Она села за столик и взглянула на меня. Самое мучительное в таких решающих встречах – считать, что от тебя ничего не зависит. Все мы страдаем от хронической неуверенности в себе, которая разрастается, словно опухоль. Поэтому нам не верится, что все и правда может произойти. Просто не верится. Она смотрела на меня так, будто я единственный на свете мечтаю заключить ее в объятия, словно в мире больше никого нет. А я чувствовал себя как истерзанная ураганом засохшая ветка. Ее нежный, будоражащий взгляд говорил мне, что в мире, похожем на муравейник, в мире, где нас слишком много, я совершенно необходим. В этом взгляде читалось, что она проводит отпуск одна, робкое желание заполнить пустоту, – наивная, ей не приходило в голову, что совсем близко, в бурлящем бесплотном мире Капри, всякий охотно согласился бы ей помочь, рискуя спровоцировать третью мировую войну. Вот только они не догадались, где ее искать, а я догадался.

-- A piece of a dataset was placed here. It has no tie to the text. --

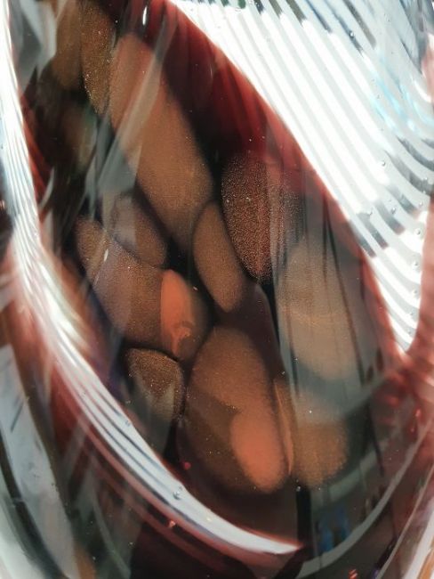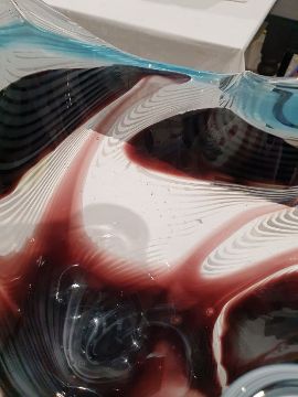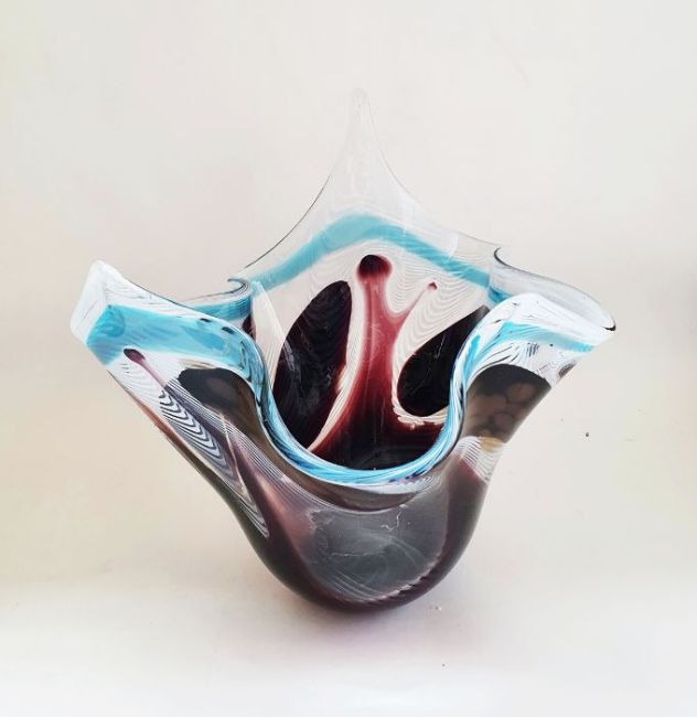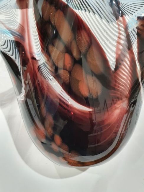 A Murano Fazzoletto glass centrepiece freeform vase with white, burgundy and blue swirls and gold fleck inclusions.Height 36cmDiameter 34cmCondition ReportOverall good condition, some light surface scratches to base. No chips or cracks.

В этом и заключалось мое преимущество. Преимущество над Пеппино и приятелями, которые теперь казались мне чужими и пресными. Что я в них находил… А ведь всего-то нужно было подняться на холм, метров на двести.
«Не знаю почему, но мне захотелось сесть с вами за один столик».
Фраза! Та самая фраза! Небось вы решили, что ее произнес я, что я заготовил ее, мучаясь в ожидании, но нет… невероятный, неописуемый поворот, благодать божья, избавление от неловкости и страданий. Эту фразу произнесла она. Моя красавица.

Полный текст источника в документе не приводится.